COMMENT:
PPARα, β/δ and γ isotypes are regulators of signalling pathways involved in non-alcoholic steatohepatitis (NASH), modulating fatty acid oxidation, lipid storage, insulin sensitivity, and glucose metabolism. Importantly, as these PPAR family members are differentially expressed within and between organs, they exhibit complementary activities in steatotic and fibrotic cellular processes. Moreover, as these isotypes are variably expressed in disparate immune cells, they further exert control over NASH-associated hepatic and systemic inflammatory responses.

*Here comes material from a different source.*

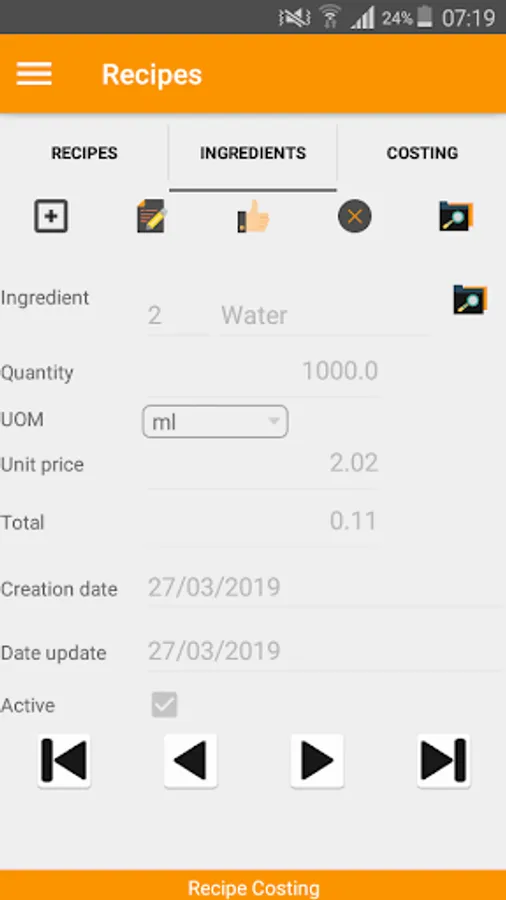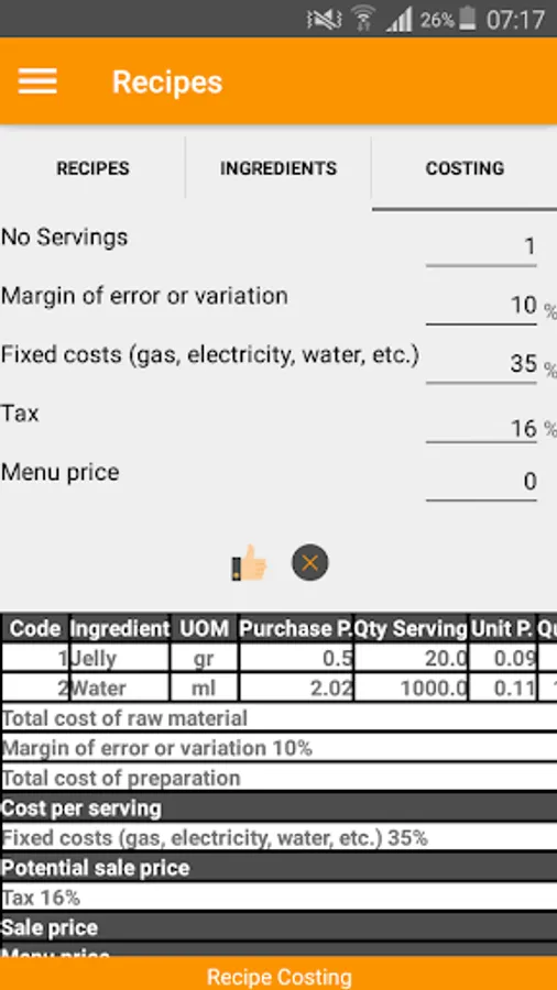 Recipe Costing Screenshots

This review aimed to underscore lessons learned regarding PPARs and emphasise their promise as pharmacological targets for NASH therapeutics.
KEY LEARNINGS:
Individual PPAR agonists are chemically, and thus pharmacokinetically and pharmacodynamically, distinct from one another. As such, disparate PPAR agonists elicit diverse drug-specific responses and thus require individual safety and efficacy assessments. While certain single (PPARα and PPARγ) and dual PPAR agonists have exhibited efficacy on histological parameters, pre-clinical and clinical observations underscore the importance of comprehensive pan-PPAR agonism to attain significant improvements in histological endpoints. Alongside liver histology and function, these pan-PPAR agonists also have the potential to improve NASH’s metabolic features, and may thus prevent the development of comorbid extrahepatic diseases, e.g. type 2 diabetes and obesity. Notably, such histological and metabolic improvements have been achieved with the pan-PPAR agonist lanifibranor, whose promising efficacy in phase 2 trials has spurred its advancement into phase 3.